Quote the lines of the data below verbatim, beginning at the line that contains "Un Panello di" and ending at the last line, both included, and excluding pictures.

» **Material for this task**:
--

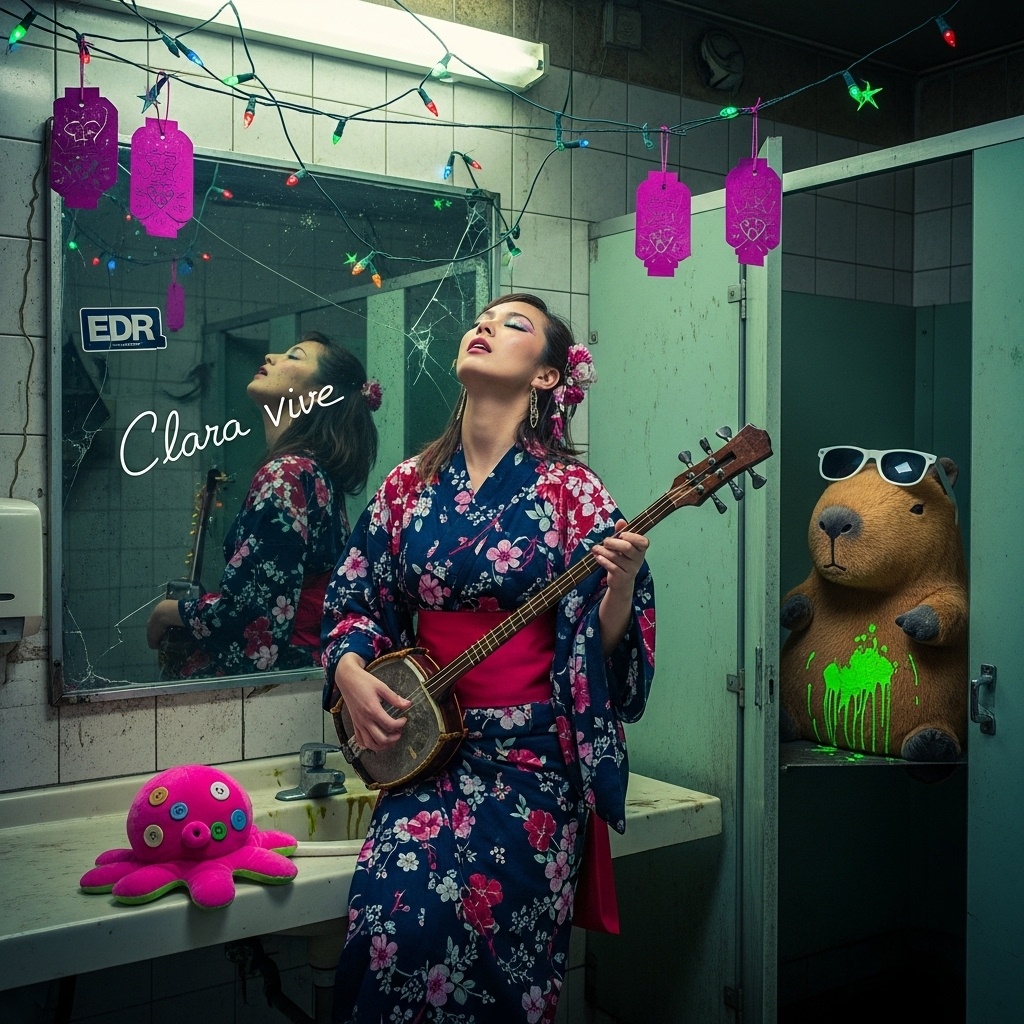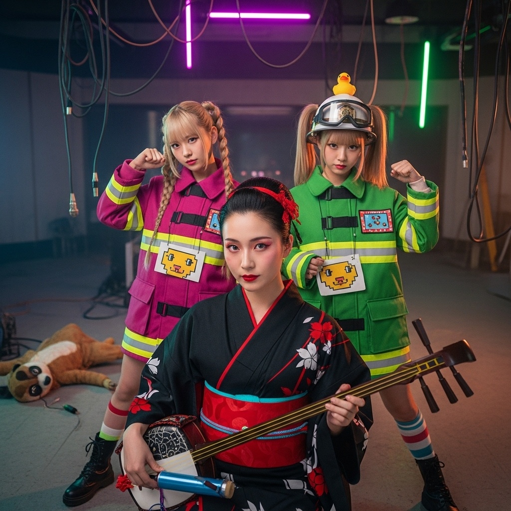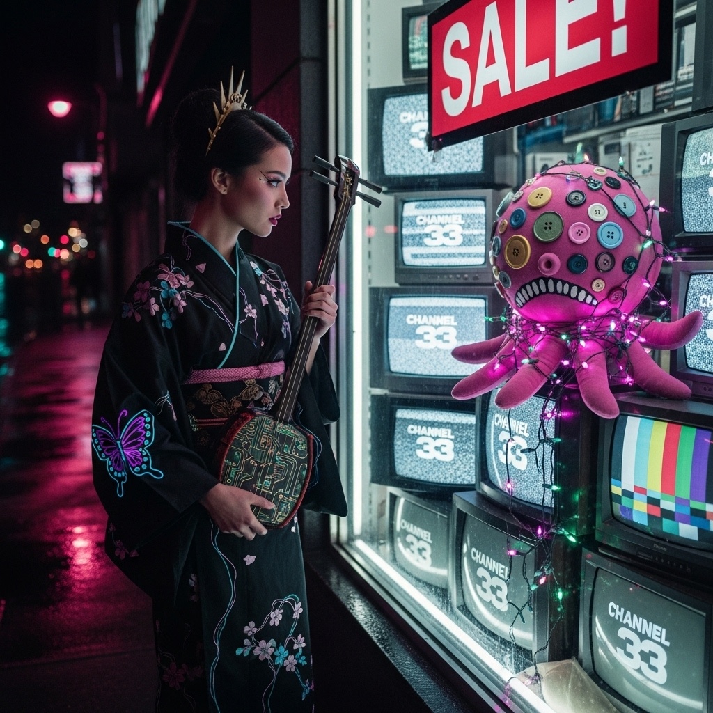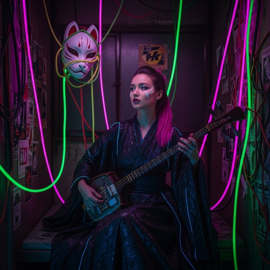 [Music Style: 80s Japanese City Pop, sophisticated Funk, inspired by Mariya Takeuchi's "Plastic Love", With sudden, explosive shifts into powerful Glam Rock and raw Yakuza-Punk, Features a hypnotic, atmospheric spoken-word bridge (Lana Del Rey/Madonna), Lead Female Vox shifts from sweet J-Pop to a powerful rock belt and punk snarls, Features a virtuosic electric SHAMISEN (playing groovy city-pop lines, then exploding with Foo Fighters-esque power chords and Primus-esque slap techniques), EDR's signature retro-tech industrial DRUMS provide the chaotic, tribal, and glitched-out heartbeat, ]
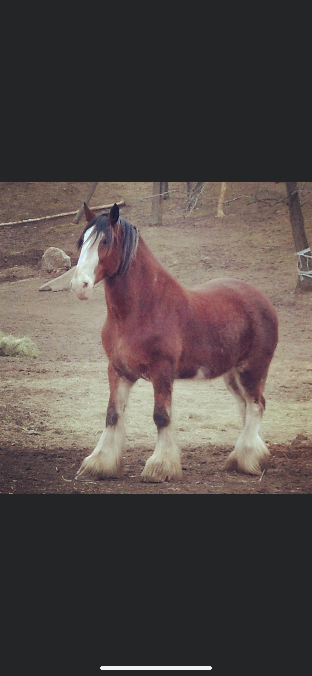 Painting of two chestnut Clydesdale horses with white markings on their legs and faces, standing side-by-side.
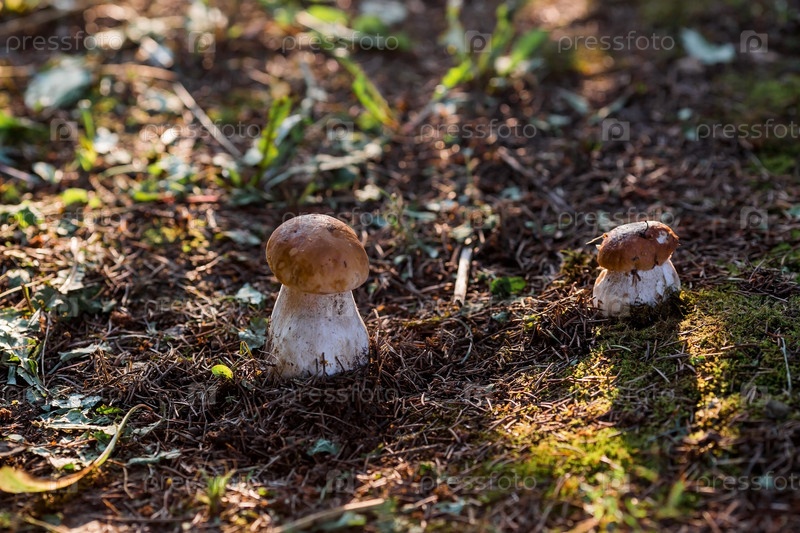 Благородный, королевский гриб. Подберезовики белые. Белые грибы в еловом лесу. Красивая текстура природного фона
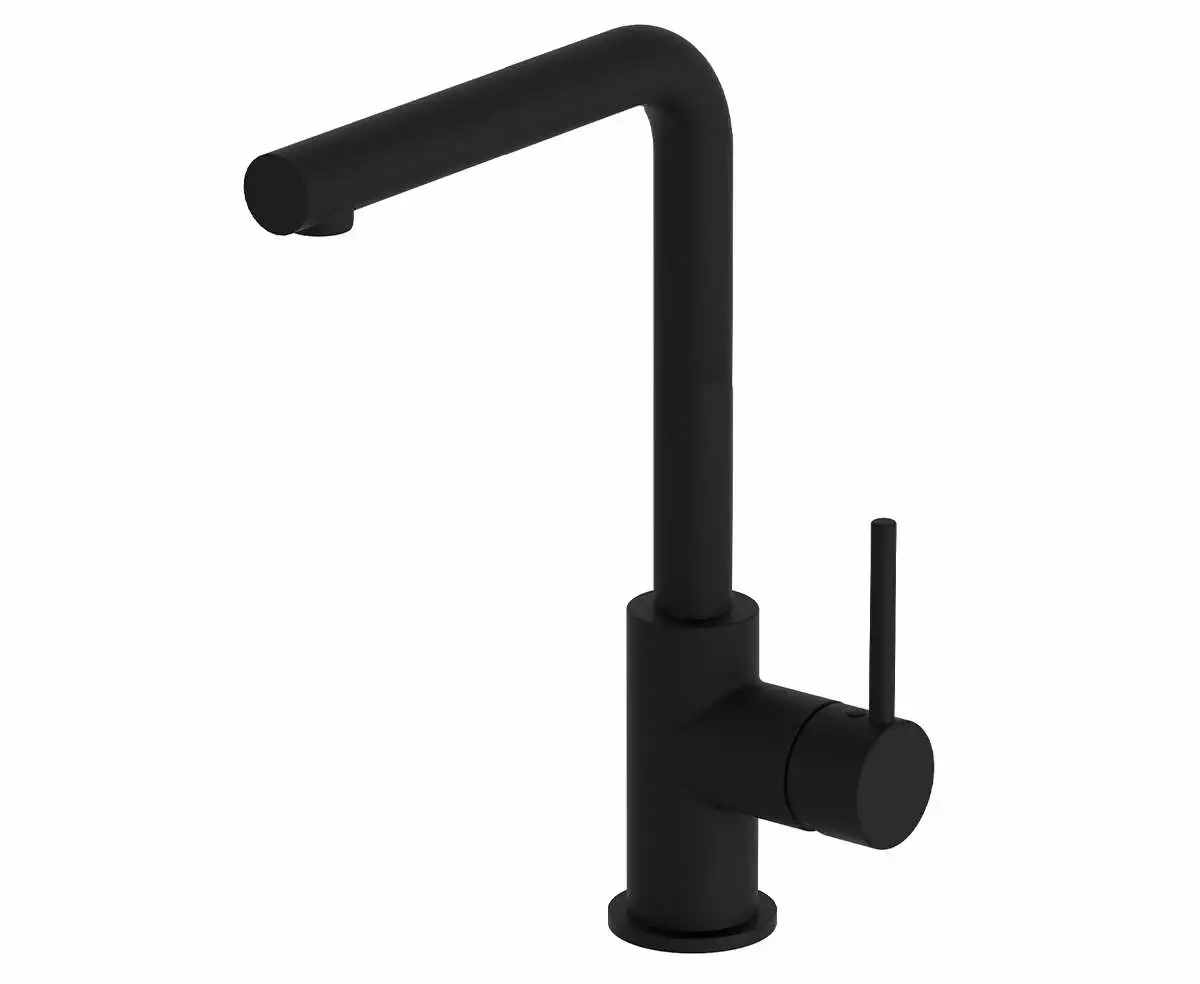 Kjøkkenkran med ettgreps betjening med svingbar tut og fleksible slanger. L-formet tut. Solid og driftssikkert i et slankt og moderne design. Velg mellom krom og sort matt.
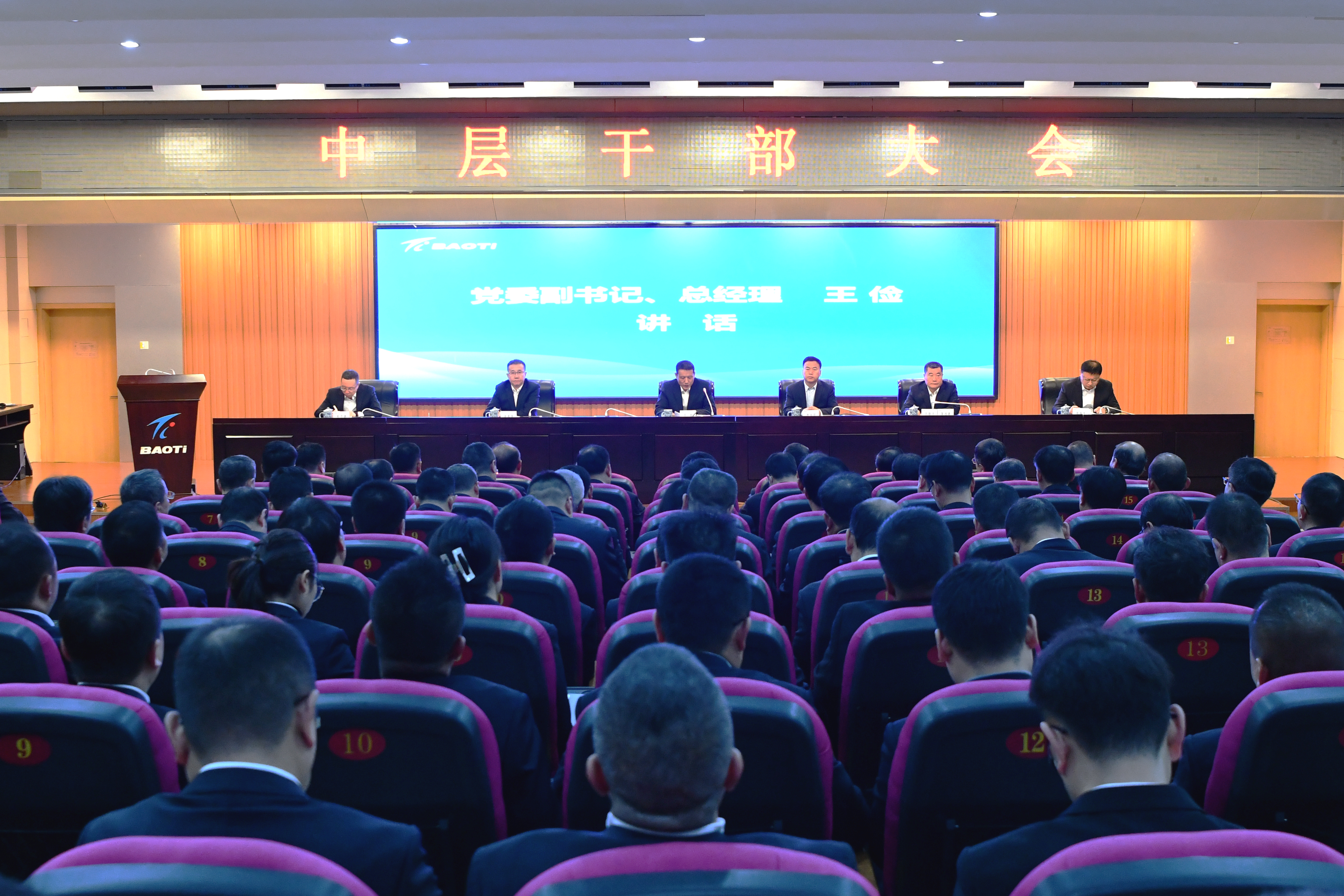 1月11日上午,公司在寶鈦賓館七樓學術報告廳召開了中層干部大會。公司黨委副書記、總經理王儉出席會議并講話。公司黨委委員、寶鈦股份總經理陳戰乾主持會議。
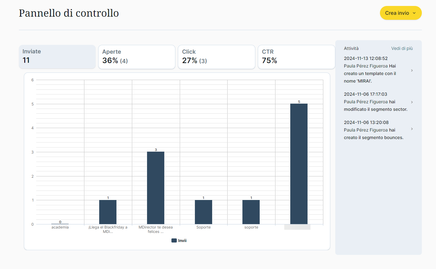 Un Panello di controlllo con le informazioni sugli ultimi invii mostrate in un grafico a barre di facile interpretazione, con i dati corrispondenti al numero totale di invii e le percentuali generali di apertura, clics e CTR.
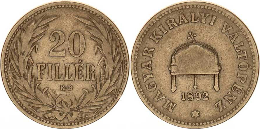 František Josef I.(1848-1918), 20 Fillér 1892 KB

--

» **Result of this task**:
 Un Panello di controlllo con le informazioni sugli ultimi invii mostrate in un grafico a barre di facile interpretazione, con i dati corrispondenti al numero totale di invii e le percentuali generali di apertura, clics e CTR.
 František Josef I.(1848-1918), 20 Fillér 1892 KB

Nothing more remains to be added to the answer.